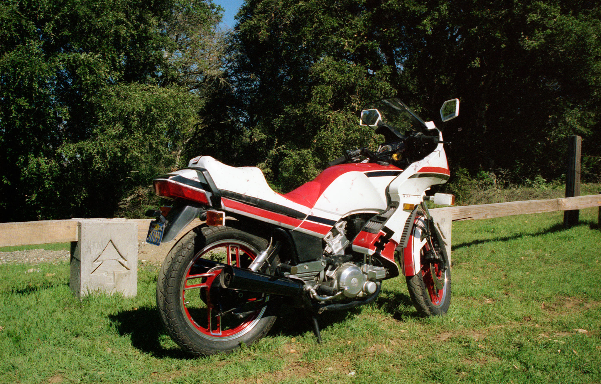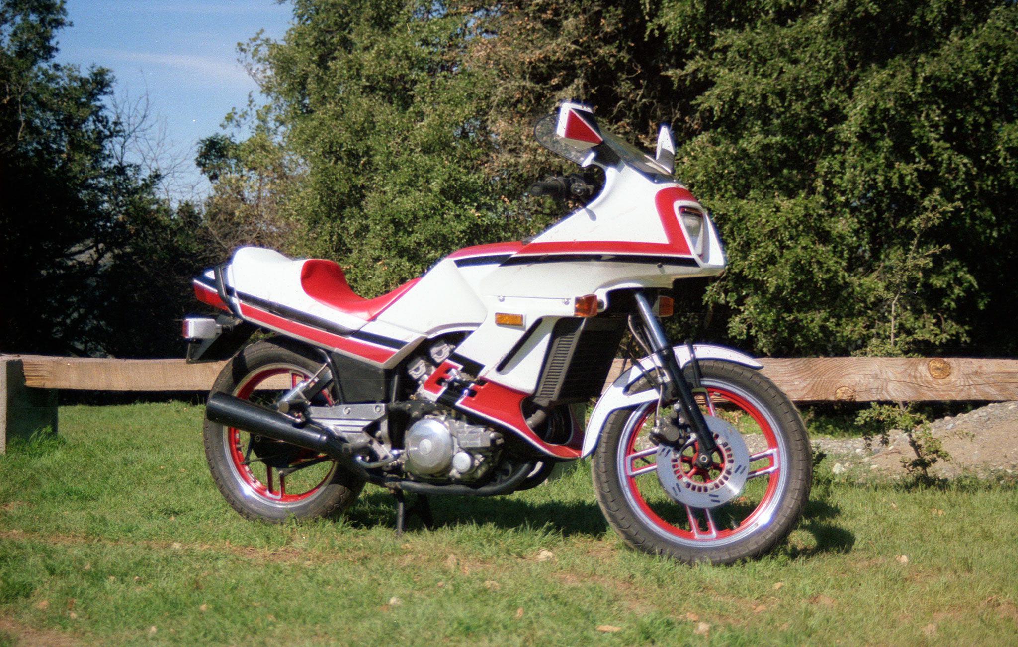 In 1984 my wife was going to school in LA, 400 miles south, so I wanted to get the fairing kit for my ’82 Vision but they were sold out of them. Yamaha was blowing out leftover bikes, so I traded in the ’82 for an ’83. In addition to the fairing, the ’83 had two discs in front, lower bars, and the pegs were moved to the rear. One of its best innovations was the fairing which had ducts that could be opened to direct warm air off of the engine onto your legs. Great for the winter. This bike became my favorite and I kept it even after buying several other bikes. Unfortunately it had a well deserved reputation for eating starters and stators, and after putting 60k miles on it, I regretfully sold it.
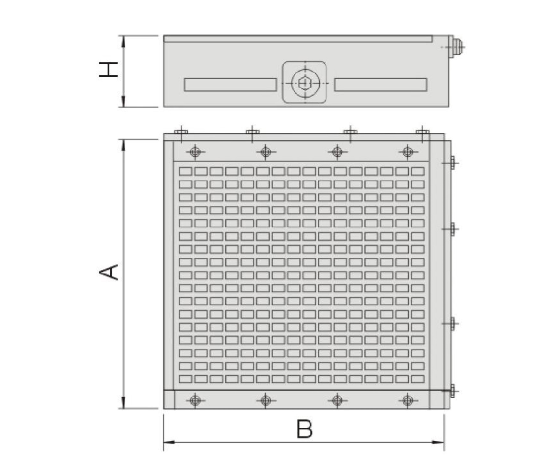 磁極成方陣,磁束互相垂直,密集交織,均勻滲透到工件底部,較淺而磁路密集.可強力的吸持。 2mm以上薄闆進行銑削加工。
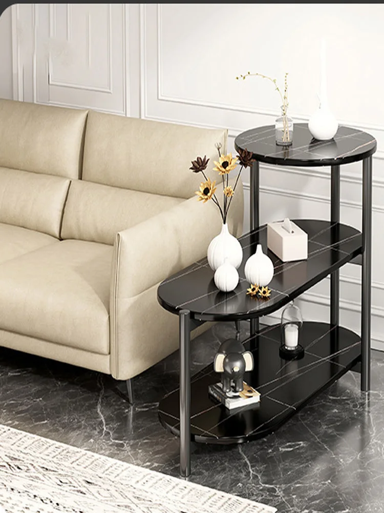 MESA DE CENTRO MULTIUSOS DE 3 NIVELES CON DISEÑO MINIMALISTA TIPO MARMOL.
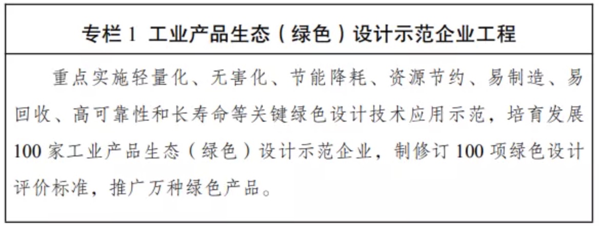 (四)推行工业产品绿色设计。健全工业产品绿色设计推行机制。引导企业改进和优化产品和包装物的设计方案,减少产品和包装物在整个生命周期对环境的影响。在生态环境影响大、产品涉及面广、行业关联度高的行业,创建工业产品生态(绿色)设计示范企业,探索行业绿色设计路径。健全绿色设计评价标准体系。鼓励行业协会发布产品绿色设计指南,推广绿色设计案例。
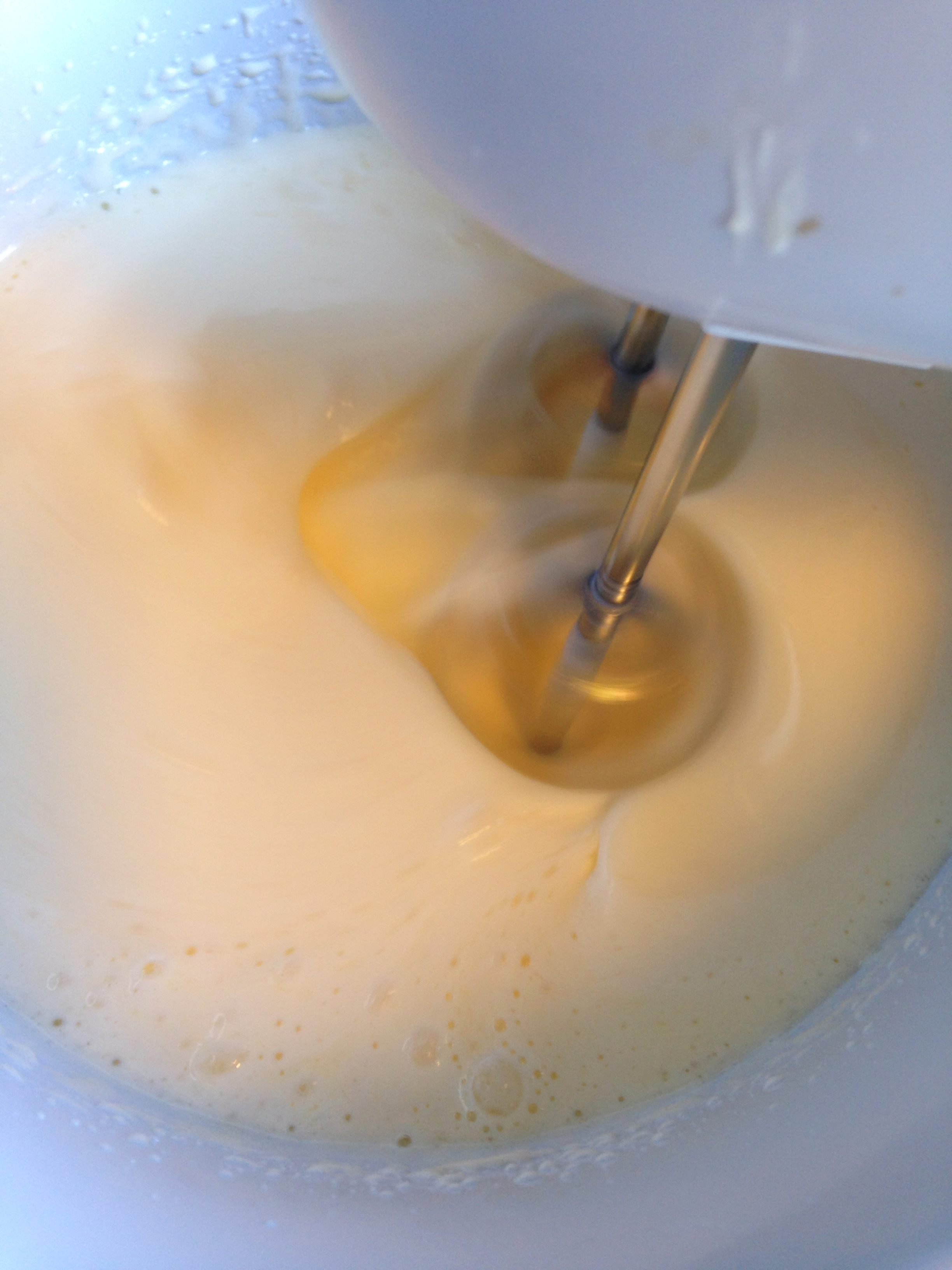 1. Sätt ugnen på 200 grader. Vispa ägg och strösocker pösigt.
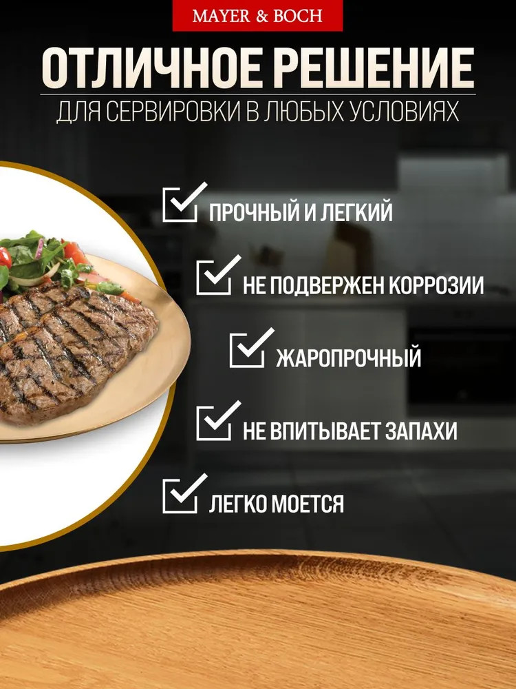 Представьте себе элегантный поднос, сверкающим золотым блеском. Изготовленный из высококачественной нержавеющей стали, он станет прекрасным дополнением к вашей кухне и поможет создать неповторимую атмосферу во время сервировки стола. Его прочная конструкция гарантирует долговечность, а стильный дизайн идеально подходит для презентации самых разных угощений. На этом подносе можно с изыском подать закуски, сладкие десерты, сочные фрукты или напитки. Благодаря практичности и красивому внешнему виду, он станет незаменимым помощником как на повседневной кухне, так и во время торжественных мероприятий.
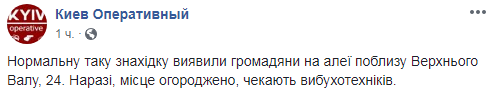 Опасную находку нашли на аллее вблизи строения по адресу Верхний Вал, 24. Место находки ограждено. Вызваны взрывотехники.
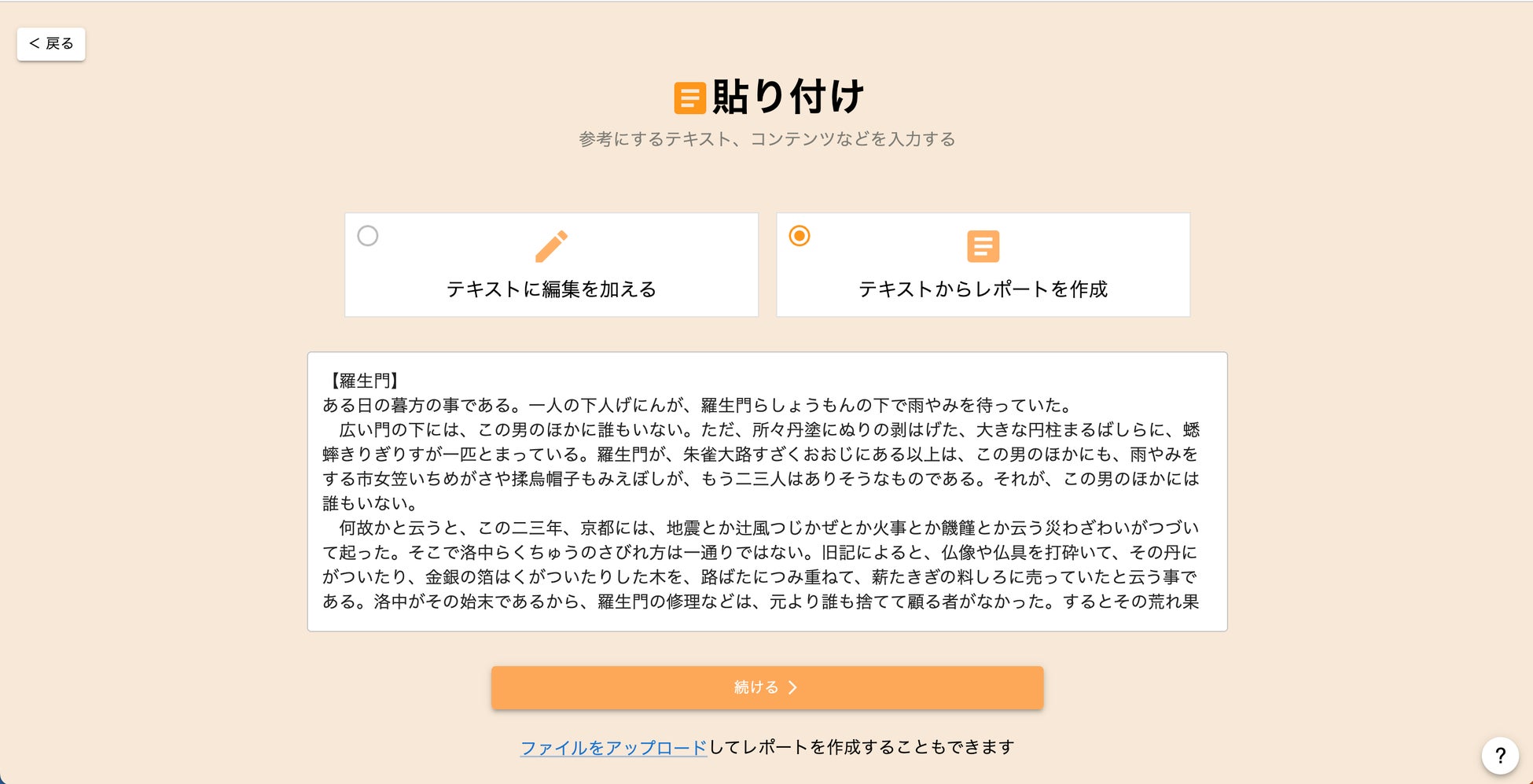 授業ファイルやテキストからレポート作成することが可能になりました。授業ファイルや授業のテキストをアップロードすることで、その内容からレポートを作成することができます。

Task goal
Reproduce exactly, and only, the lines that begin at the one containing "Опасную находку нашли" and end with the final line of the data, both included, while omitting every picture.

Result
 Опасную находку нашли на аллее вблизи строения по адресу Верхний Вал, 24. Место находки ограждено. Вызваны взрывотехники.
 授業ファイルやテキストからレポート作成することが可能になりました。授業ファイルや授業のテキストをアップロードすることで、その内容からレポートを作成することができます。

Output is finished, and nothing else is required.